AnthropicがClaudeの法律専門AIツールを拡充
- •Anthropicは2026年5月13日、Claude向けの法律実務プラグイン12種類を公開した。
- •トムソン・ロイターのWestlawデータベースおよびCoCounsel法的調査ツールがClaudeに統合された。
- •Harvey、Box、Everlaw、DocuSignとの連携により、専門的な法的ワークフローを支援する。
Anthropicは2026年5月13日、法律業界向けにClaude AIアシスタントの専門機能を拡充したと発表した。今回導入された12種類の法律実務プラグインには、「商務顧問」「雇用顧問」「訴訟アソシエイト」「法学生」などが含まれ、Claude Cowork環境での展開や各法律事務所のプライベートシステムへの組み込みが可能である。これらの連携により、法律事務所やClaudeの利用者は、法的調査、文書管理、コンプライアンス業務のためにサードパーティプラットフォームと安全に接続できる。

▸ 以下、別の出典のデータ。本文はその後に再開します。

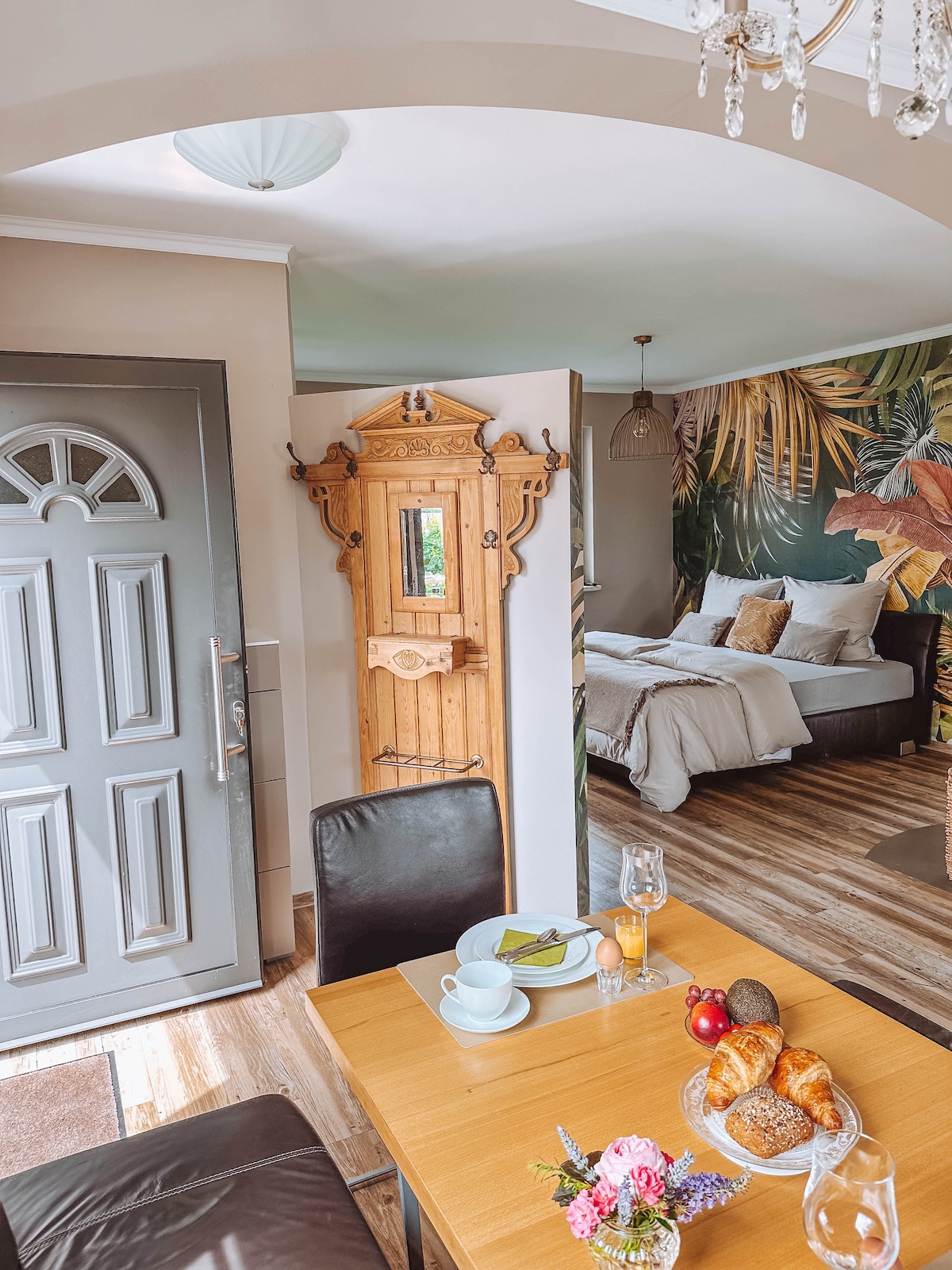 The 500-year-old house was completely renovated in 2021. Enjoy a relaxing evening on the sofa under an elaborately restored stucco ceiling from the Baroque period, take a look at the historical details that can be found throughout the apartment and feel completely at home in the lovingly furnished apartment. Two bedrooms with double bed and separate bathroom, well-equipped kitchen and only 2 minutes' walk from the river bank with swimming bay.

本リリースの中心となるのは、トムソン・ロイターとの提携である。利用者は、裁判記録を網羅するWestlawの一次法データベースおよびPractical Lawの実務ガイドにClaudeから直接アクセスできる。同時に、トムソン・ロイターはAIプラットフォームのCoCounselをClaudeと統合し、専門的な法的調査ツールの活用を実現した。トムソン・ロイターの最高技術責任者(CTO)であるジョエル・クロン(Joel Hron)は、この統合が汎用AIを専門的なワークフローに結びつけるものであり、既存のCoCounsel Legalプラットフォームを置き換えるものではないと説明した。
その他の統合先には、一般的な法的照会を支援するAIスタートアップのHarveyのほか、コンテンツ管理のBox、電子情報開示(eディスカバリー)のEverlaw、文書ワークフローのDocuSignが含まれる。Anthropicの法務担当副顧問であるマーク・パイク(Mark Pike)は、法律分野での採用が大幅に増加しており、最近のウェビナーには2万人を超える登録があったと報告した。なお、Anthropicおよび参加各社から今回の提携に関する財務条件は開示されていない。